**BRIEF:** Below, find the line containing "用户成功在网站支付运费后,就可获得积分奖励(按照实际支付金额发放)。1CNY 运费= 1"; from there to the final line, print every line exactly and skip the pictures.
----- DATA SHOWN -----
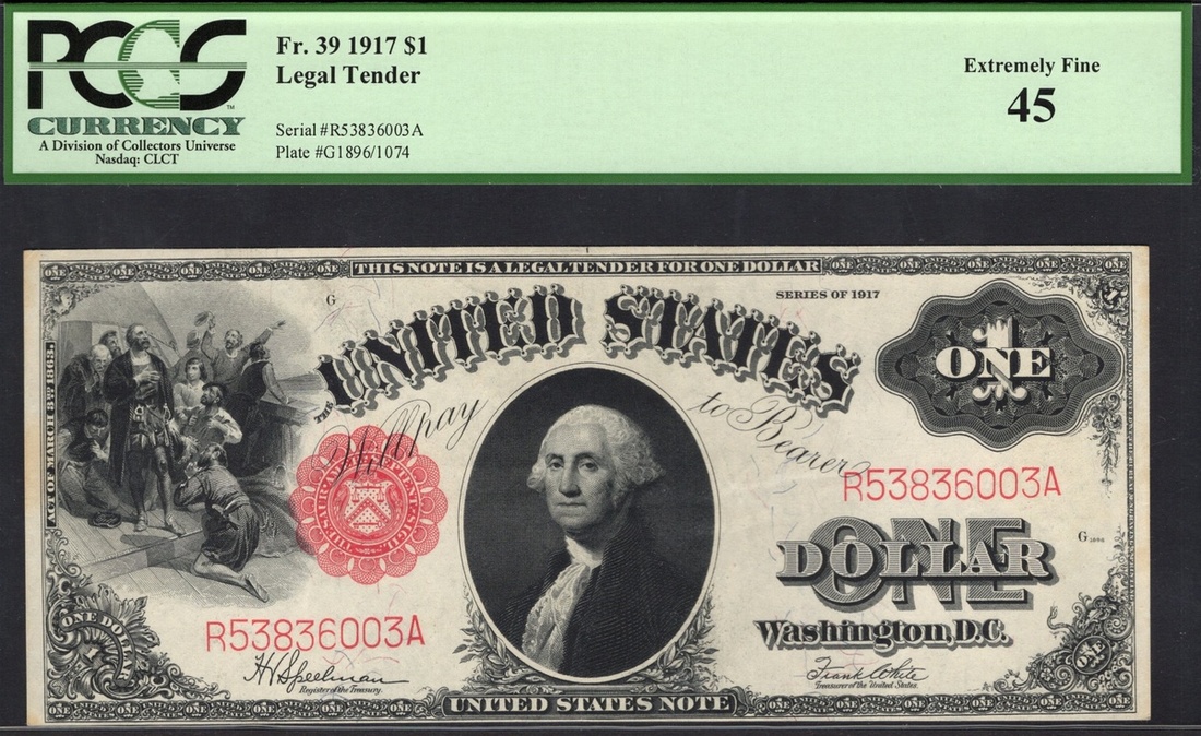 Fr. 39. $1 Legal Tender. 1917. Washington, Columbus. Speelman-White. No. R53836003A. PCGS Extremely Fine 45.
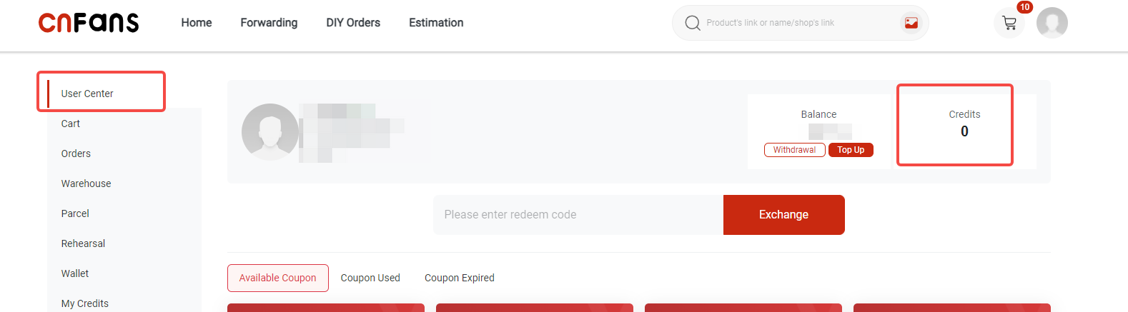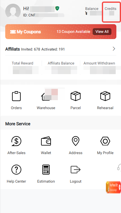 用户成功在网站支付运费后,就可获得积分奖励(按照实际支付金额发放)。1CNY 运费= 1 Credit。
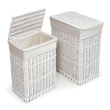 Hampers nest inside each other for storage;Hampers measure 18 W x 13 L x 22 H and 15 W x 10.5 L x 18.5 H and each includes a fabric liner;Wipe and spot clean hampers as needed. Liners may be removed for machine washing (cold water, gentle cycle; air dry or tumble dry low);Slots on the sides make it easy to carry the hampers to the laundry room;Attached lid flips open for loading and unloading and won't get lost Fully assembled
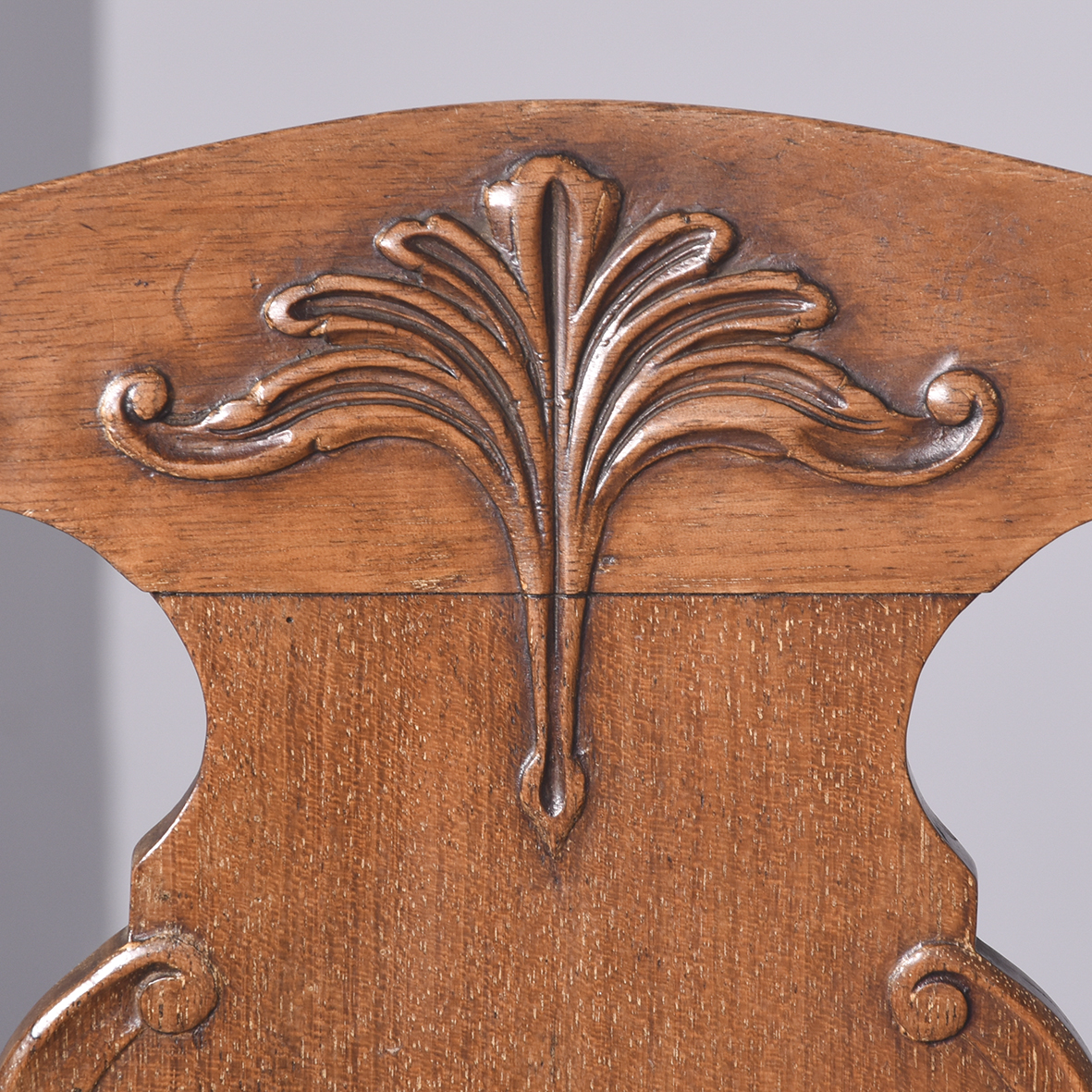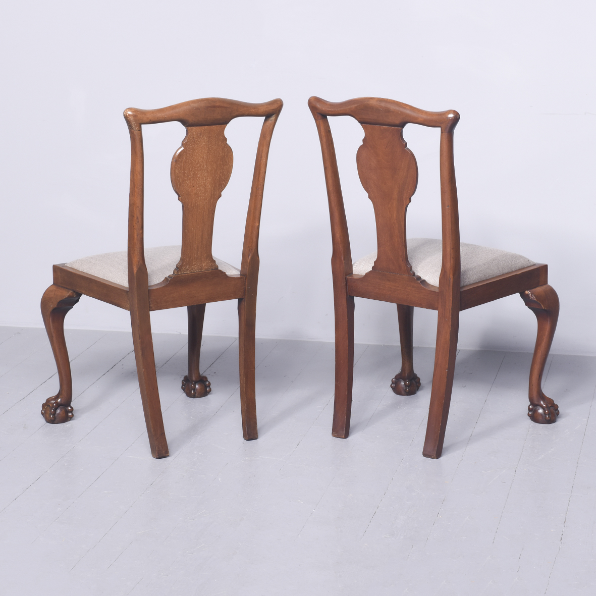 Circa 1920’s. A pair of mahogany and satinwood side chairs by ‘Whytock & Reid of Edinburgh’, with shaped cresting rail with a simple splat in book matched satinwood, the drop in upholstered seat held in place by a simple seat rail with rounded top and shaped frieze at the front, the back legs are slightly out swept, the front with elegant cabriole legs with carving on the knees, finishing on a well carved toe resting on a faceted foot
-----
**REPLY:**
 用户成功在网站支付运费后,就可获得积分奖励(按照实际支付金额发放)。1CNY 运费= 1 Credit。
 Hampers nest inside each other for storage;Hampers measure 18 W x 13 L x 22 H and 15 W x 10.5 L x 18.5 H and each includes a fabric liner;Wipe and spot clean hampers as needed. Liners may be removed for machine washing (cold water, gentle cycle; air dry or tumble dry low);Slots on the sides make it easy to carry the hampers to the laundry room;Attached lid flips open for loading and unloading and won't get lost Fully assembled
 Circa 1920’s. A pair of mahogany and satinwood side chairs by ‘Whytock & Reid of Edinburgh’, with shaped cresting rail with a simple splat in book matched satinwood, the drop in upholstered seat held in place by a simple seat rail with rounded top and shaped frieze at the front, the back legs are slightly out swept, the front with elegant cabriole legs with carving on the knees, finishing on a well carved toe resting on a faceted foot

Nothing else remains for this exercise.